Each line below from the line with "Solid colour from blue" to the line with "Length: 15 to" must be copied exactly, including those two, and no picture may appear in the copy.

[GIVEN DATA — start]

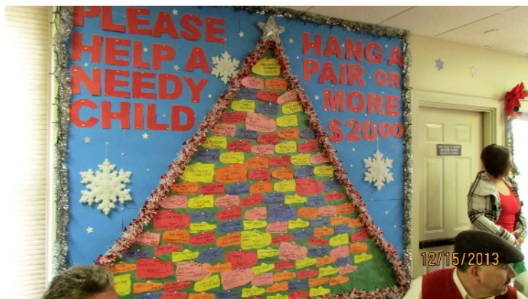
2013 CHILDREN'S HOLIDAY SHOE PARTY ASHEVILLE LODGE #608

This year, they are sponsoring approximately 350 children. This also includes many siblings of the school aged children involved. During the children's time at the Lodge, they will enjoy a variety of holiday excitement. They begin with a favorite Christmas movie along with hot chocolate and cookies while patiently awaiting their turn to participate in the afternoon festivities. All children will receive a new pair of shoes, socks, fruit, candy, crayons, coloring books, pencils, notebook paper, a toy of their choice, as well as a few additional surprises this year. The children will also have a chance to visit with Santa Claus, Mrs. Claus, and many of the Elves.
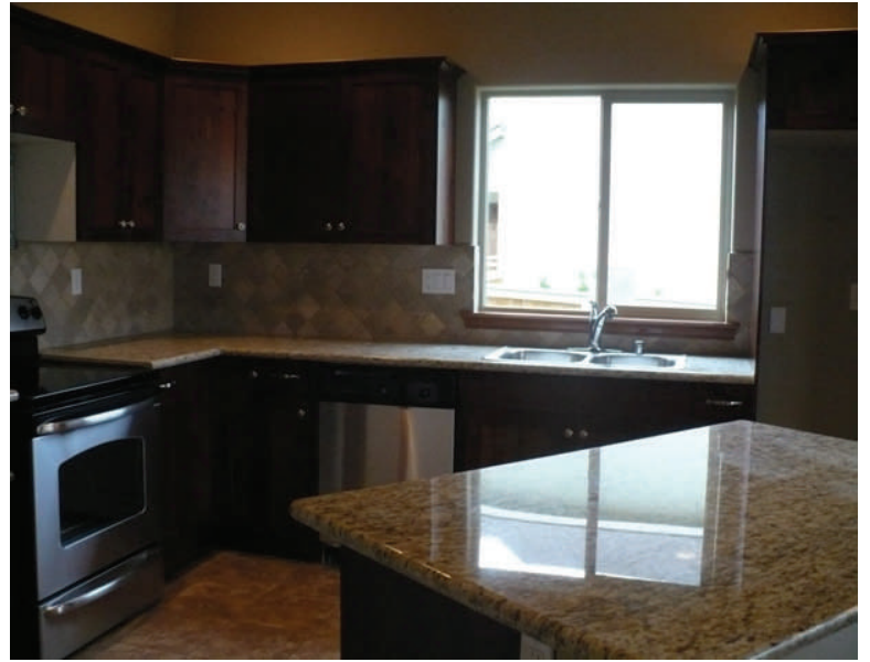
KITCHEN w/ GRANITE SLAB
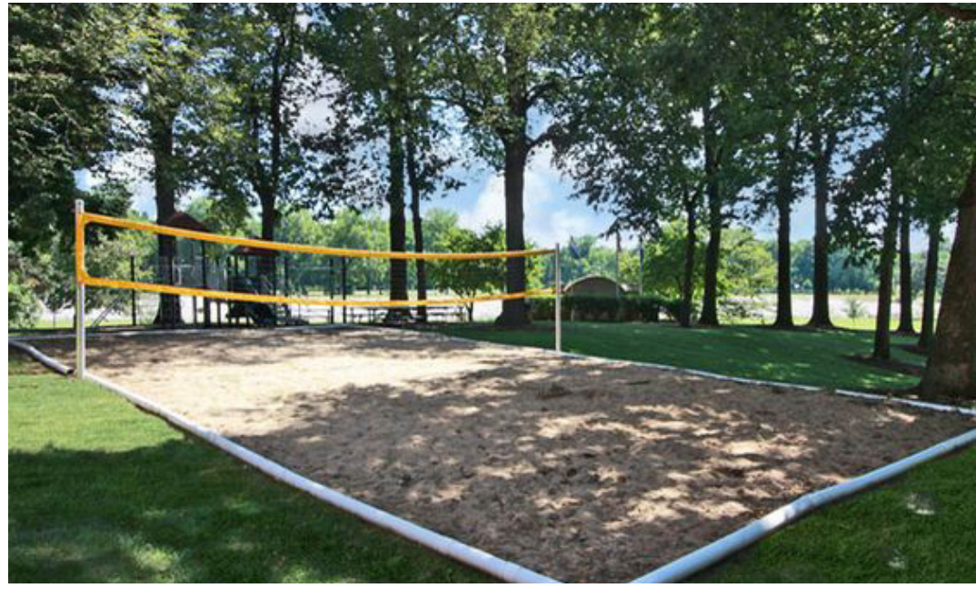
7 VOLLEYBALL COURTS
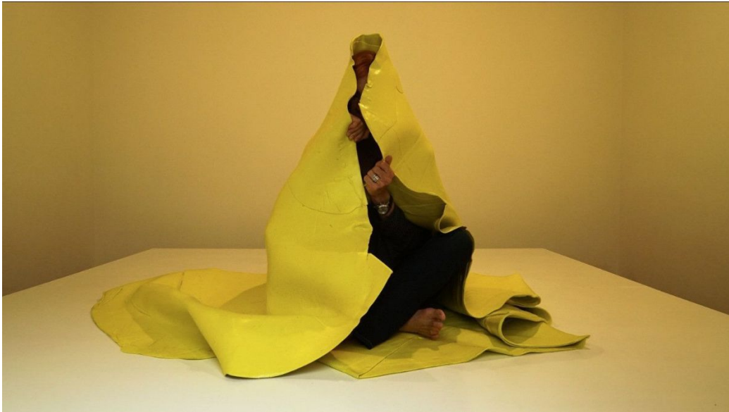
Satélite Gallery, Querétaro. México en Femenino. Artist: Berta Kolteniuk.

The transgressive nature of Swab is reflected in a programme that is committed to reflecting social problems and international policies through its proposals. All the disciplines, from the classical ones such as painting and sculpture to the more contemporary ones such as digital, performance or installation art, are used by the artist to channel and connect to the spectator. This year the majority of the works revolve around the search for and return to the roots, in a path that goes from the primitive to the digital.
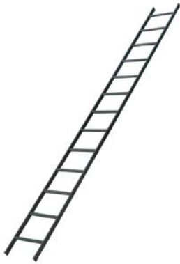
A. Vertical ladder

Which image best corresponds to your career?
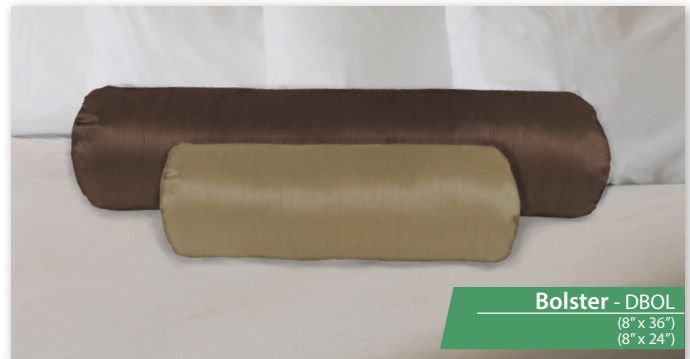
Bolster - DBOL (8" x 36") (8" x 24")
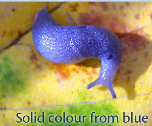
Solid colour from blue

Please send slug photos for ID to hatmail@hat.bc.ca or call 250.995.2428 HAT acknowledges funding from the Government of Canada's Habitat Stewardship Program
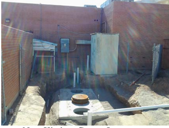
New Kitchen Grease Interceptor

Library: Demo is complete and a new middle school computer lab has been constructed in the south east corner of the library. Repairs, including new HVAC are in process.
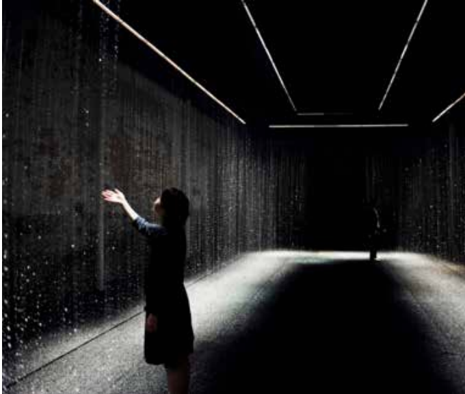
Luce Tempo Luogo par DGT, 2011

LIGHT in WATER is a reinterpretation of the installation shown at the 2011 Salon de Milan, entitled Luce Tempo Luogo. This project gathers creativity and technology in order to offer the viewers a unique and immersive experience. By using the LED system in the dome, DGT creates a magic space with a wall of light, where multiple layers of water curtains are constantly transformed as the result of the effect of countless LED bulbs. The installation explores and demonstrates how new technologies create new value.
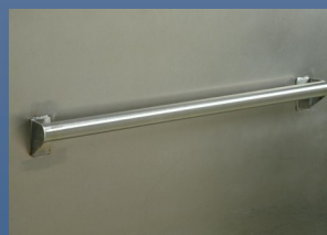
1" Tubular Stainless Steel Handles
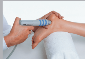
4. Delivering the shockwaves
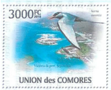
RIVER TERN, Sterna aurantia Laridae Comoro Islands, 2010, not yet cataloged, 3000f

Length: 15 to 18 inches, sexes alike, resident. Dark gray above and white below with a black crown, bright yellow bill, red legs and a deeply forked tail.
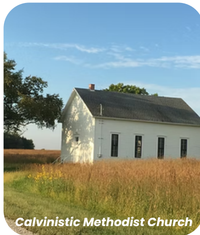
Calvinistic Methodist Church
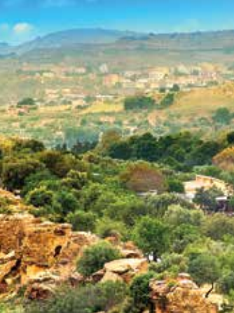
, built between 440 and 430 B.C., and the harmony of Classic Doric style.
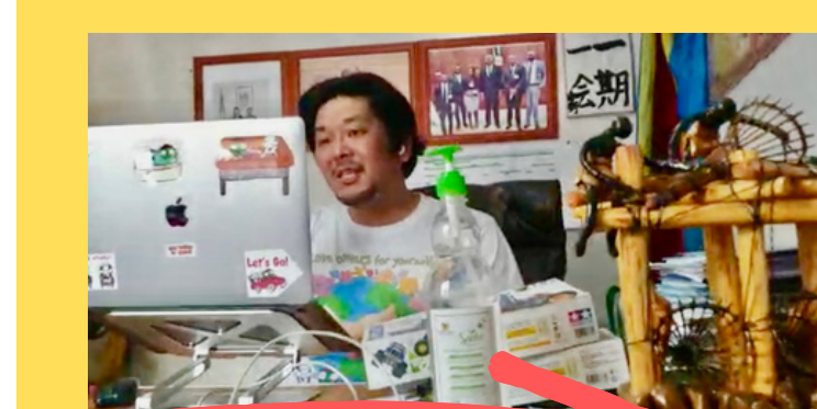
ISSUES EDUCATION ACTION

Information about our works gives chances to think about the "REAL ISSUES".
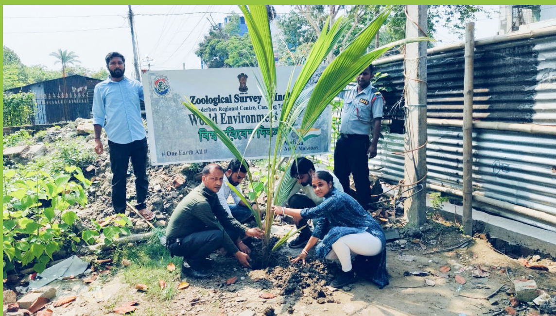
Celebration of World Environment Day, 2024
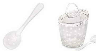
Ice Scoop $5.00 Ice Bucket & Scoop Set $34 Save $3 when purchased as a set!

Holes allow water to drain away from ice so your beverages get cool without being watered down.
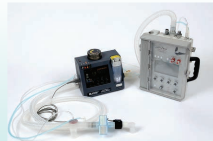
MADM™ with Transport Ventilator
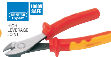
3 41AHLVDE VDE APPROVED FULLY INSULATED HIGH LEVERAGE DIAGONAL SIDE CUTTERS

Manufactured to DIN Standard and individually certified to EN 60900
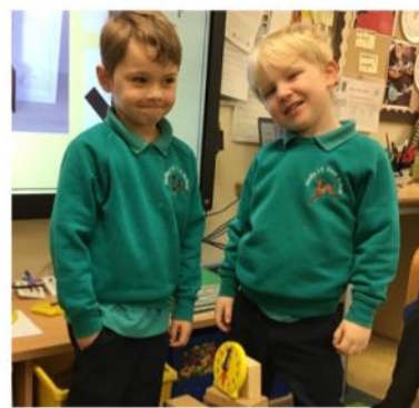
We are learning to tell the time in Red Class.
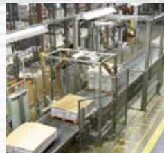
6-Sided Wrapping System
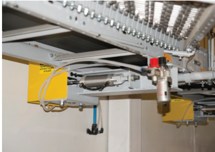
Figure 1: Pneumatic systems offer an untapped area for improving energy efficiency and cutting costs.

OEMs that understand their customers' needs and build more energy efficient machines and robots will be more successful than those who neglect TCO. The old business model of only caring about performance and not about efficiency is dying, and OEMs who include energy efficiency as part of the overall performance of their pneumatic systems will be the ones that beat out the competition. (Figure 1)
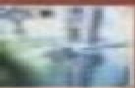
Edinburgh City Council, Edinburgh City Council, Edinburgh City Council
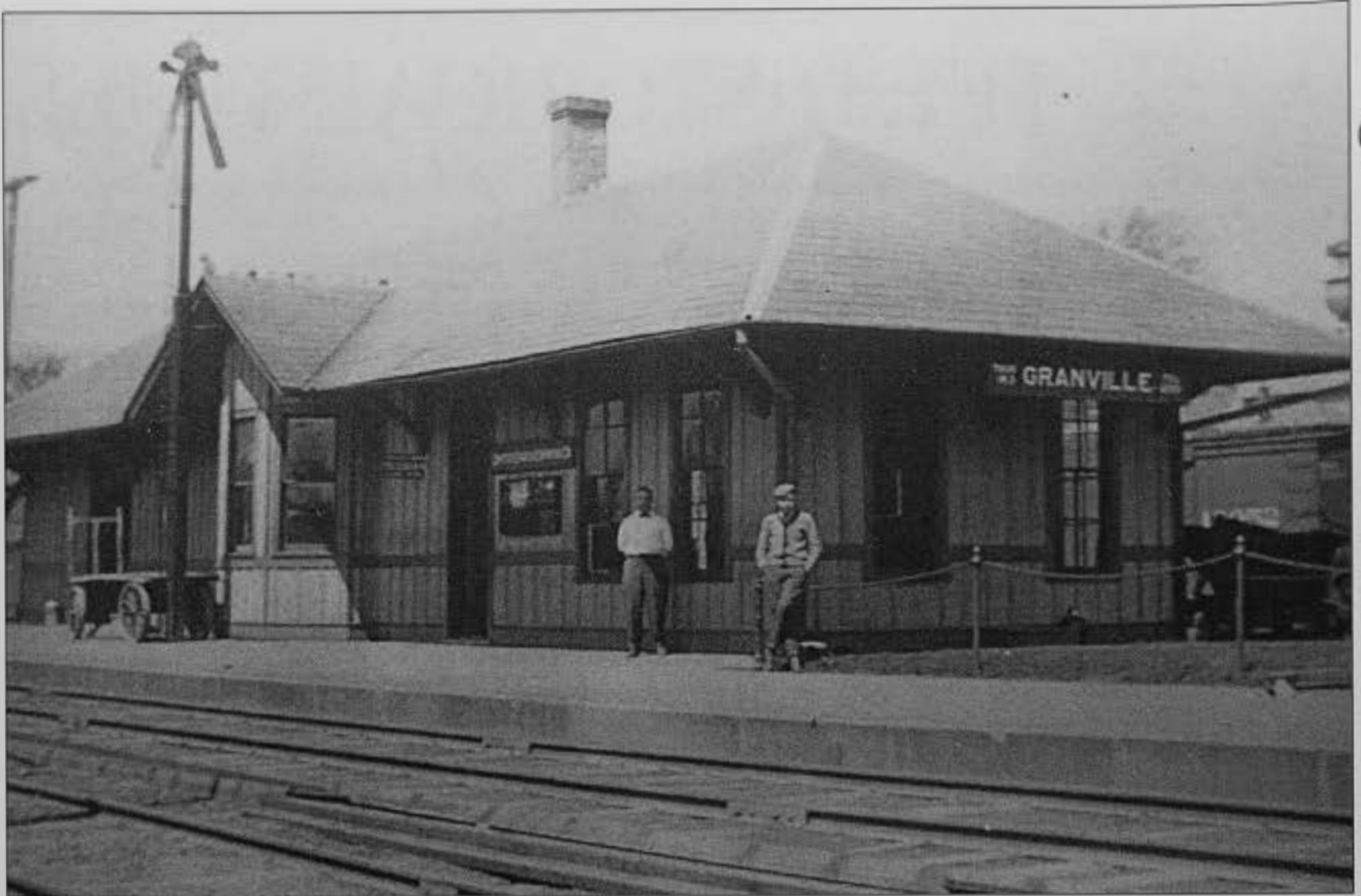
The Granville T&OC station, on South Main Street, in busy days. Note the boxcar on other side of station. (Undated photo.)

[GIVEN DATA — finish]

● EXERCISE ANSWER:
Solid colour from blue

Please send slug photos for ID to hatmail@hat.bc.ca or call 250.995.2428 HAT acknowledges funding from the Government of Canada's Habitat Stewardship Program
New Kitchen Grease Interceptor

Library: Demo is complete and a new middle school computer lab has been constructed in the south east corner of the library. Repairs, including new HVAC are in process.
Luce Tempo Luogo par DGT, 2011

LIGHT in WATER is a reinterpretation of the installation shown at the 2011 Salon de Milan, entitled Luce Tempo Luogo. This project gathers creativity and technology in order to offer the viewers a unique and immersive experience. By using the LED system in the dome, DGT creates a magic space with a wall of light, where multiple layers of water curtains are constantly transformed as the result of the effect of countless LED bulbs. The installation explores and demonstrates how new technologies create new value.
1" Tubular Stainless Steel Handles
4. Delivering the shockwaves
RIVER TERN, Sterna aurantia Laridae Comoro Islands, 2010, not yet cataloged, 3000f

Length: 15 to 18 inches, sexes alike, resident. Dark gray above and white below with a black crown, bright yellow bill, red legs and a deeply forked tail.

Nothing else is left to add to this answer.